[[ INFORMATION SUPPLIED open ]]

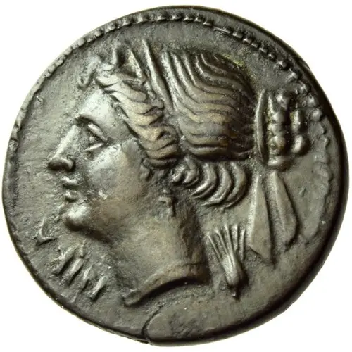 | Obverse description | Head of Nike to left, with her hair bound with a taenia and tied in a bun at the back, wearing a pendant earring and a plain necklace; behind her neck, grain ear. |
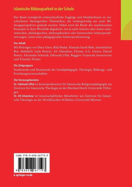 Quellen: Mit dem Koran in den Islamischen Religionsunterricht.- Mit dem Hadith in den Islamischen Religionsunterricht.- Grundfragen : Mit Adam in den Islamischen Religionsunterricht. (Kreationismus, Schöpfung, Evolution.- Mit Muhammad in den Islamischen Religionsunterricht.- Mit Jesus und Maria(m) in den in den Islamischen Religionsunterricht.- Die emotionale Dimension des Religionsunterrichts: Mit dem Tasawwuf in den Islamischen Religionsunterricht.- Mit dem sehenden Herzen in den Islamischen Religionsunterricht.- Mit der Kraft der Narrationen in den Islamischen Religionsunterricht. Allegorese.- Lebenspraxis: Mit der Scharia in den Islamischen Religionsunterricht.- Mit Theologie und Politik in den Islamischen Religionsunterricht.- Medien: Mit Bildern in den Islamischen Religionsunterricht.- Mit Videospielen in den Islamischen Religionsunterricht.- Grenzfragen: Mit der Frage nach dem Bösen in den Islamischen Religionsunterricht.- Mit dem Jenseits in den Islamischen Religionsunterricht.- The Question of Evil.
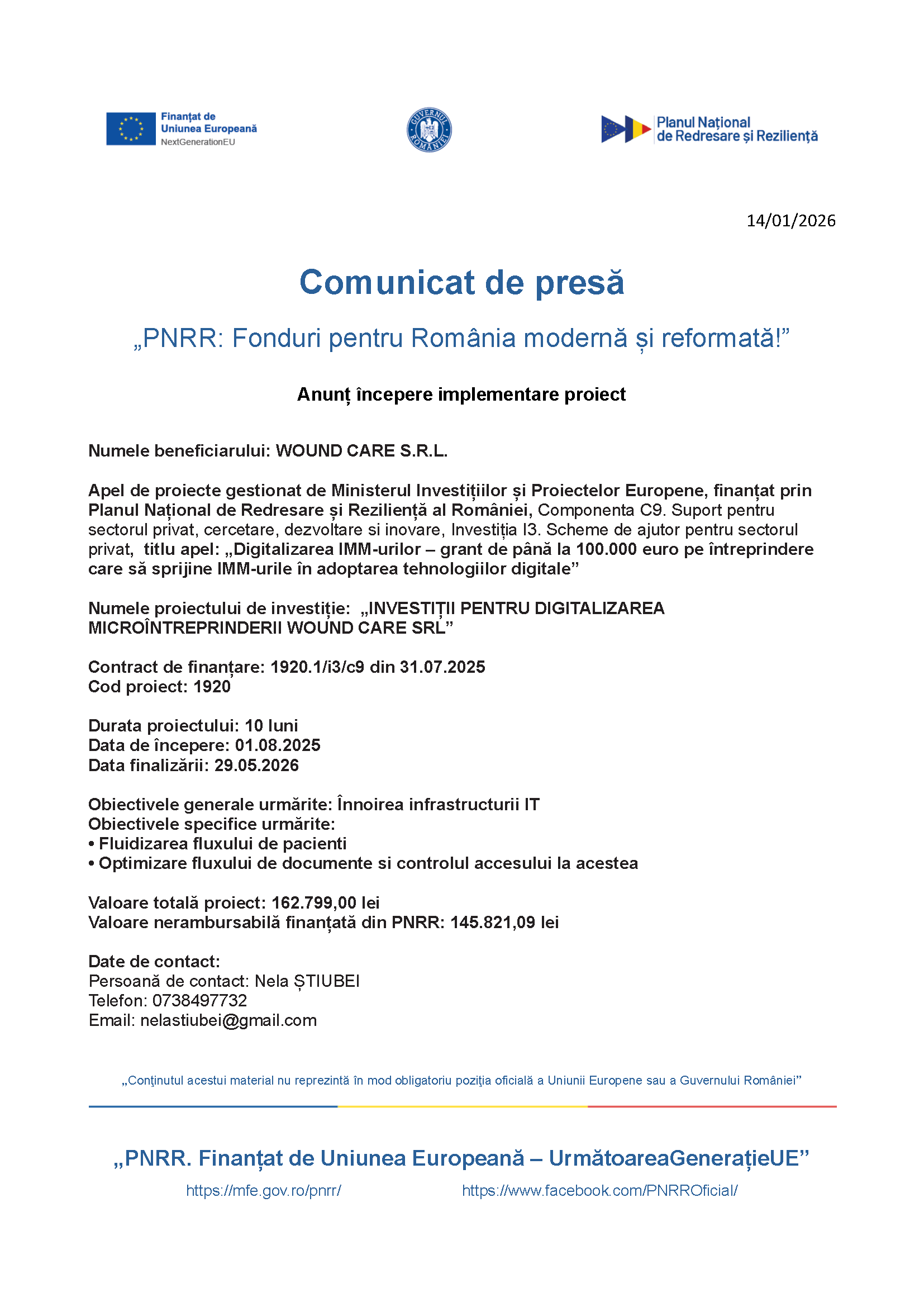 Numele proiectului de investiție: „INVESTIȚII PENTRU DIGITALIZAREA MICROÎNTREPRINDERII WOUND CARE SRL”
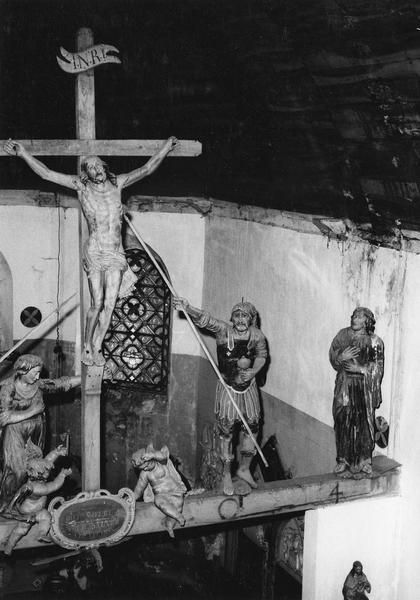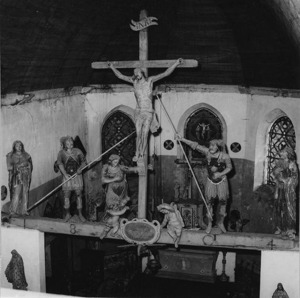 sur la poutre de gloire : statues de Marie de Magdala, la Vierge Marie, saint Jean et deux soldats qui entourent le Christ en croix
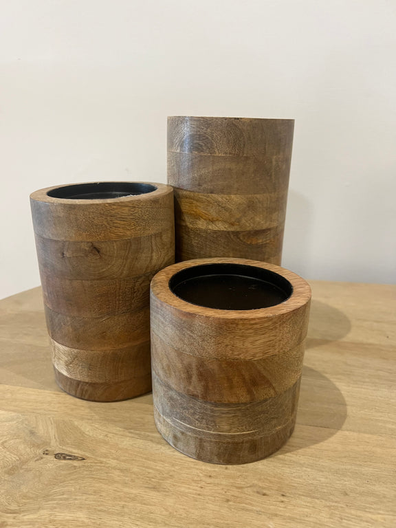 Elevate your ambiance with this exquisite set of three handcrafted wooden candle holders, adding a touch of sophistication and luxury to any space. Candles not included.
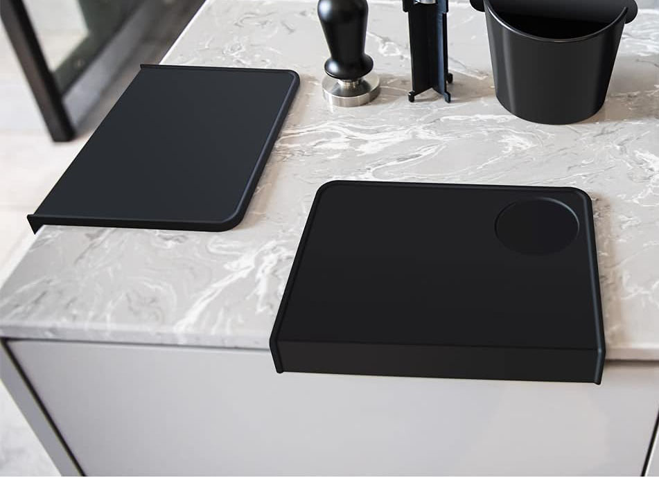 Suportul de silicon (tamping station) pentru tamper și mânerul 4Barista protejează perfect mânerul aparatului de cafea, precum și masa de lucru, în timp ce presați cafeaua în mâner. Pe suport își va găsi locul și tamperul cu diametru de max. 58 mm.
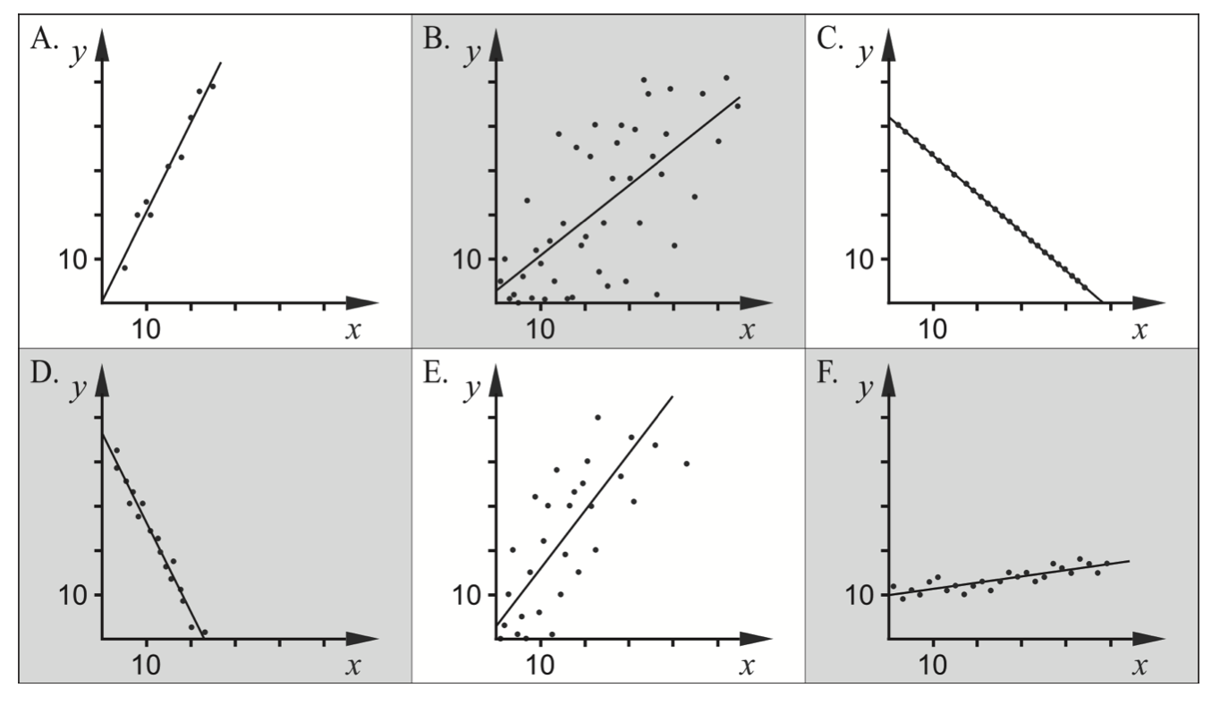 Alternativen A–F visar sex olika spridningsdiagram. Till varje diagram finns även en anpassad linje inritad.

[[ INFORMATION SUPPLIED closed ]]

## REQUIRED ACTION
In the entries above, find the line containing "Suportul de silicon"; transcribe exactly that line and every line after it through the end, and only those, omitting pictures.

## EXERCISE SOLUTION
 Suportul de silicon (tamping station) pentru tamper și mânerul 4Barista protejează perfect mânerul aparatului de cafea, precum și masa de lucru, în timp ce presați cafeaua în mâner. Pe suport își va găsi locul și tamperul cu diametru de max. 58 mm.
 Alternativen A–F visar sex olika spridningsdiagram. Till varje diagram finns även en anpassad linje inritad.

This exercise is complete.